• EXERCISE BRIEF:
Look through the listing below for the line with "shoe sizes comfortably." and the line with "使用上のご注意 | ●製品本来の用途以外でのご使用はお止めください。". Copy both, along with every line between them, exactly and with no pictures.

• STUDY MATERIAL:
--------
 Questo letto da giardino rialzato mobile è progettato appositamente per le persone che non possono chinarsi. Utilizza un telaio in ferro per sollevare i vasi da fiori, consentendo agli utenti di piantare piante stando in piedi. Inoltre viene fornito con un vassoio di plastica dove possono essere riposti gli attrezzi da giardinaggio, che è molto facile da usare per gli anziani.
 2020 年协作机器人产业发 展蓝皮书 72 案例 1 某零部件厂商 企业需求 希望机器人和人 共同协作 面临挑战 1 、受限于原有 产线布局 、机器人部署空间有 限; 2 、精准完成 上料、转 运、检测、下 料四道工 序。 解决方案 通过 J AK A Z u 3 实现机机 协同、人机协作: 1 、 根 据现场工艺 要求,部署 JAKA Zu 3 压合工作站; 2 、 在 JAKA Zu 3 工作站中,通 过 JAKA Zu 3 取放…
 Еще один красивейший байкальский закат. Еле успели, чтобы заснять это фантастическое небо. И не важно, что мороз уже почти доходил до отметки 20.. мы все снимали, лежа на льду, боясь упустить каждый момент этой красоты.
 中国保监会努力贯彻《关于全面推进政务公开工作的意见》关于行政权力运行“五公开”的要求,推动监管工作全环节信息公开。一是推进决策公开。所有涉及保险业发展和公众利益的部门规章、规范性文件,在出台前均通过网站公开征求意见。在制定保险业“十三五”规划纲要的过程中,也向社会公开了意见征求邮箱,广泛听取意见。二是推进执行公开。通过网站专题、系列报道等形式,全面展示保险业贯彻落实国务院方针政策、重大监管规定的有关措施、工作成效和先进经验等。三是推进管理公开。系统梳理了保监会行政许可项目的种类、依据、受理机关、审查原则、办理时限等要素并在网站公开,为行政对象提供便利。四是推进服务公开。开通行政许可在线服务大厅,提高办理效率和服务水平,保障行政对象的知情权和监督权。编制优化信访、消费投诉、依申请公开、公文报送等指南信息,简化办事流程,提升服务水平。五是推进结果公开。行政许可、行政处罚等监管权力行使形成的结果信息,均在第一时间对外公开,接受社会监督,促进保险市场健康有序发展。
--------
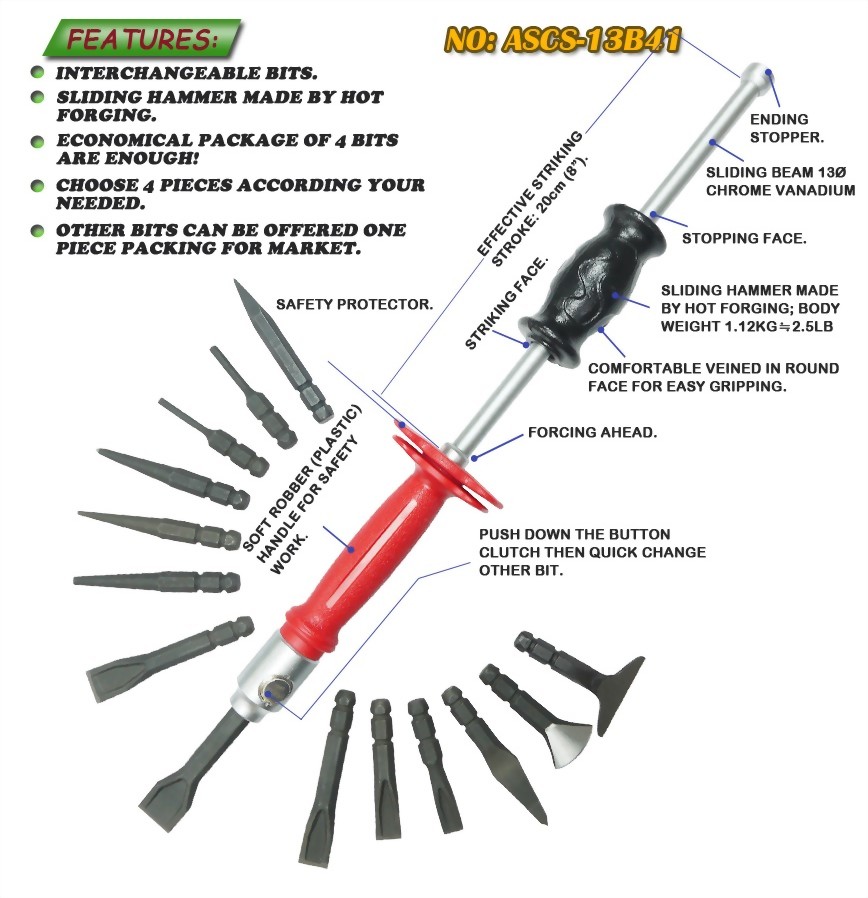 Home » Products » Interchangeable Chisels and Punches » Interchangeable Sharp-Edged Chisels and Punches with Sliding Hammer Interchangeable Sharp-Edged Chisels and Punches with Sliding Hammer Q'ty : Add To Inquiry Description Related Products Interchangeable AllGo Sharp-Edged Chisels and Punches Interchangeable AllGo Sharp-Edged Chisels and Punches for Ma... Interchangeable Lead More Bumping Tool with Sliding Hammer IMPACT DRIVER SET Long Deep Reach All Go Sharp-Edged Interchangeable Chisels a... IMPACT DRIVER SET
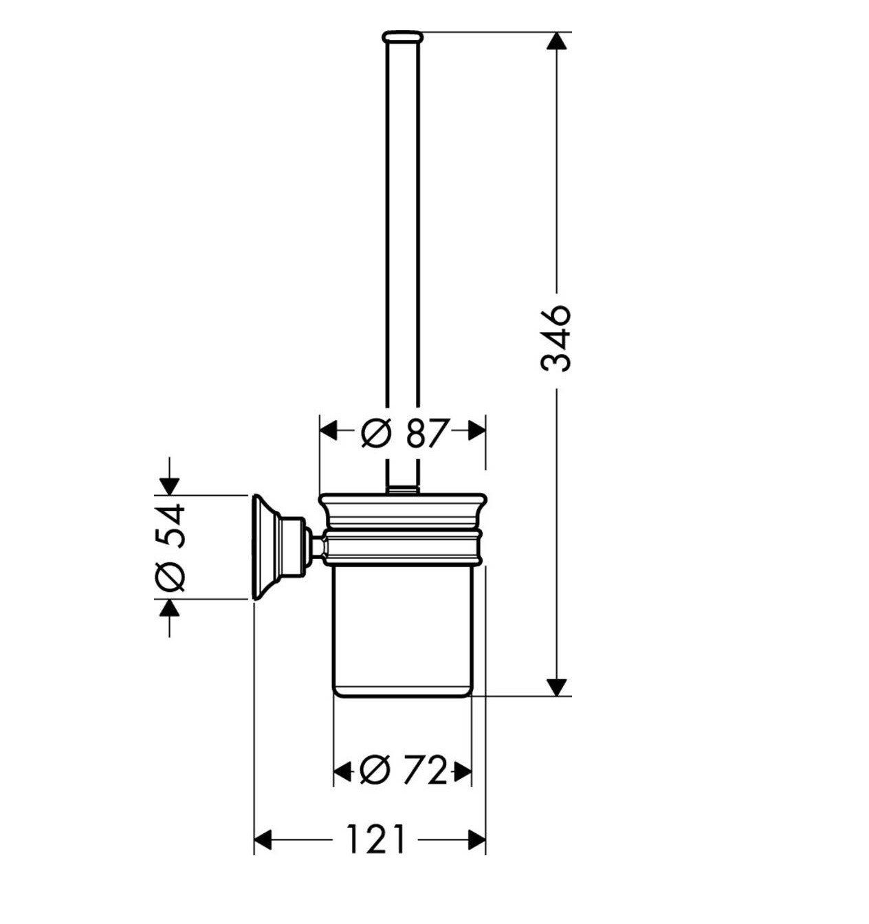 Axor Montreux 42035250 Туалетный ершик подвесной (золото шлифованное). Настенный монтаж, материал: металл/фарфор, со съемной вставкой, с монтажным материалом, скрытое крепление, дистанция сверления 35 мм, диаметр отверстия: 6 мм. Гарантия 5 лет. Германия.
--------
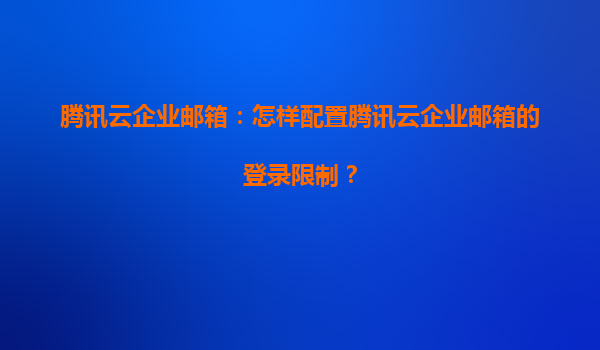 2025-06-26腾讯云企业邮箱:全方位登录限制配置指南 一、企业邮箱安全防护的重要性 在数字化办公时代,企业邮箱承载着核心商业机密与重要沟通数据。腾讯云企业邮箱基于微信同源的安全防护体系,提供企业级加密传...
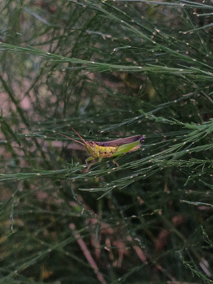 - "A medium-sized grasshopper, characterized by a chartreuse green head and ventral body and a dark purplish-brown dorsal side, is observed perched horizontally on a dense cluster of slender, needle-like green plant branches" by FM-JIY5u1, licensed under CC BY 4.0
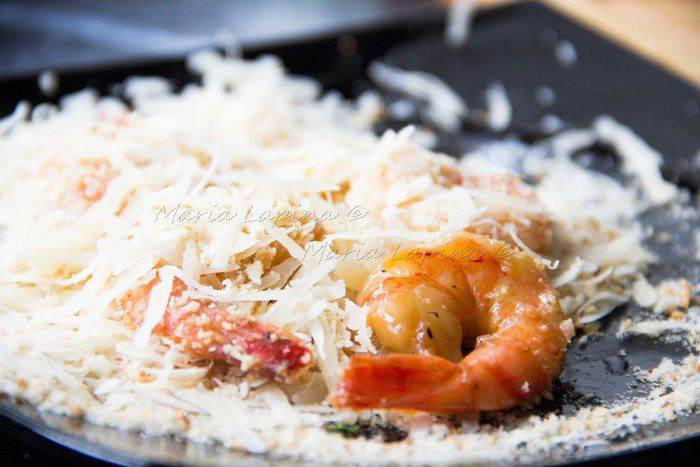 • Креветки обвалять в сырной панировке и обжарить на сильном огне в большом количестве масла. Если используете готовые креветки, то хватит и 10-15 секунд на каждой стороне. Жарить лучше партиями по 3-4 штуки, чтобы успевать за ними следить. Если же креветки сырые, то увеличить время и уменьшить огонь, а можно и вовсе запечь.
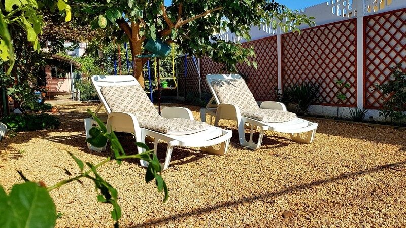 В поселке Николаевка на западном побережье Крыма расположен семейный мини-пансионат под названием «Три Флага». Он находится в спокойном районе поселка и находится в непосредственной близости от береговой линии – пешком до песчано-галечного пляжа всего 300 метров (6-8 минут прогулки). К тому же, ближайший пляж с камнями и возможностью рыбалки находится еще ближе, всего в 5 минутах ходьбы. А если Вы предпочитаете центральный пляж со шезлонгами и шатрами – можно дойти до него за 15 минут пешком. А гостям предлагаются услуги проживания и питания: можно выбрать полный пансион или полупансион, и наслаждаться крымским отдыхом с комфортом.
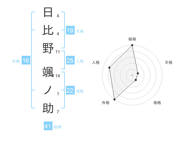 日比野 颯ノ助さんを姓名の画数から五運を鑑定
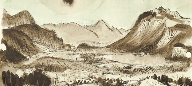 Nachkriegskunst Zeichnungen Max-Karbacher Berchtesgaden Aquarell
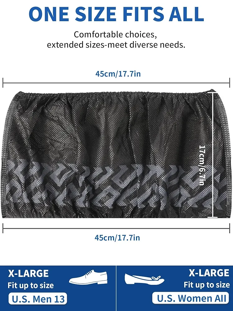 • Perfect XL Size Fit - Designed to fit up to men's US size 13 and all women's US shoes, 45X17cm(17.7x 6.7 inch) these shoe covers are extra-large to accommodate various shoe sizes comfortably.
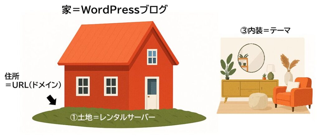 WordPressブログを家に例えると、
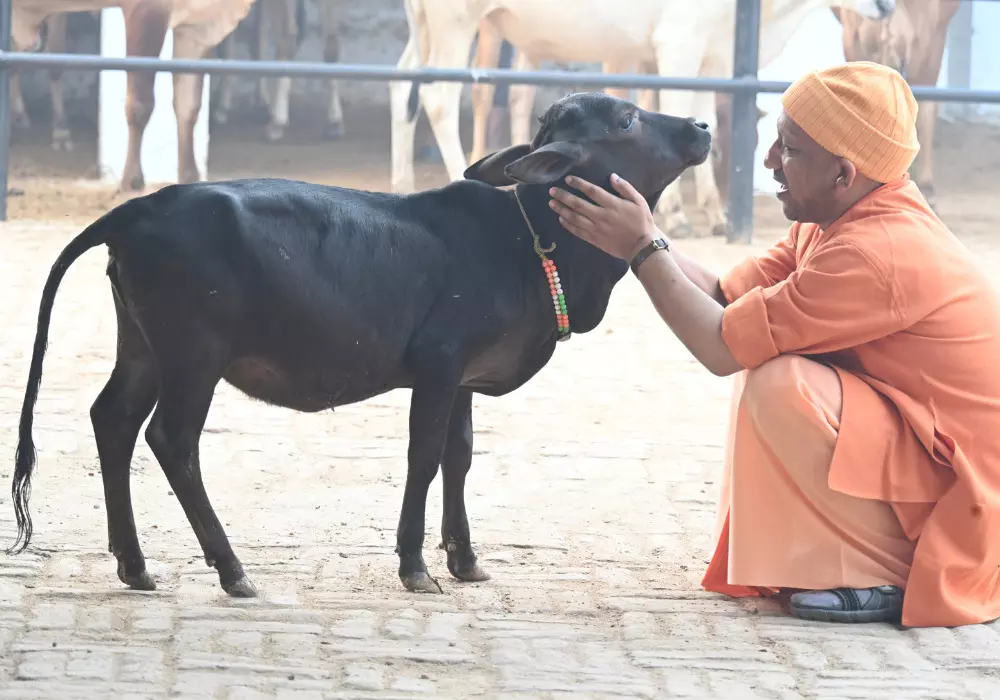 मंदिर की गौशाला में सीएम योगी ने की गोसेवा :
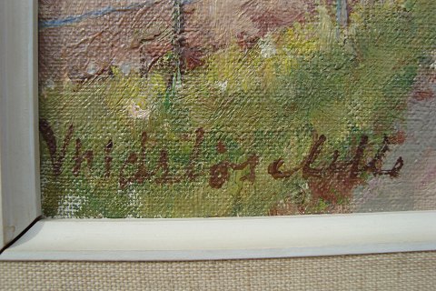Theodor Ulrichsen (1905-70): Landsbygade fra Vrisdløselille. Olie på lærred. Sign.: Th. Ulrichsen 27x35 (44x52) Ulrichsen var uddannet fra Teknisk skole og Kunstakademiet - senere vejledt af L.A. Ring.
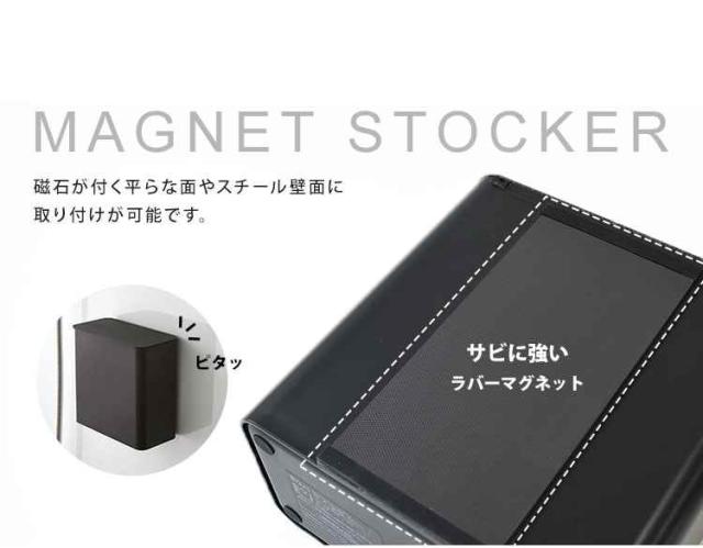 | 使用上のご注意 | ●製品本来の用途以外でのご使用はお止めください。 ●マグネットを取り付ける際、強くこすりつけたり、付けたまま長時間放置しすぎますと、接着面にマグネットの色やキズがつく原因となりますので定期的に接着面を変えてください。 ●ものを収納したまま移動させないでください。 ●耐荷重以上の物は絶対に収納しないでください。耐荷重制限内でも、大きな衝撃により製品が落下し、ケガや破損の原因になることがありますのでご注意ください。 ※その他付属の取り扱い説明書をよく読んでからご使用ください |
--------
• RESPONSE:
 • Perfect XL Size Fit - Designed to fit up to men's US size 13 and all women's US shoes, 45X17cm(17.7x 6.7 inch) these shoe covers are extra-large to accommodate various shoe sizes comfortably.
 WordPressブログを家に例えると、
 मंदिर की गौशाला में सीएम योगी ने की गोसेवा :
Theodor Ulrichsen (1905-70): Landsbygade fra Vrisdløselille. Olie på lærred. Sign.: Th. Ulrichsen 27x35 (44x52) Ulrichsen var uddannet fra Teknisk skole og Kunstakademiet - senere vejledt af L.A. Ring.
 | 使用上のご注意 | ●製品本来の用途以外でのご使用はお止めください。 ●マグネットを取り付ける際、強くこすりつけたり、付けたまま長時間放置しすぎますと、接着面にマグネットの色やキズがつく原因となりますので定期的に接着面を変えてください。 ●ものを収納したまま移動させないでください。 ●耐荷重以上の物は絶対に収納しないでください。耐荷重制限内でも、大きな衝撃により製品が落下し、ケガや破損の原因になることがありますのでご注意ください。 ※その他付属の取り扱い説明書をよく読んでからご使用ください |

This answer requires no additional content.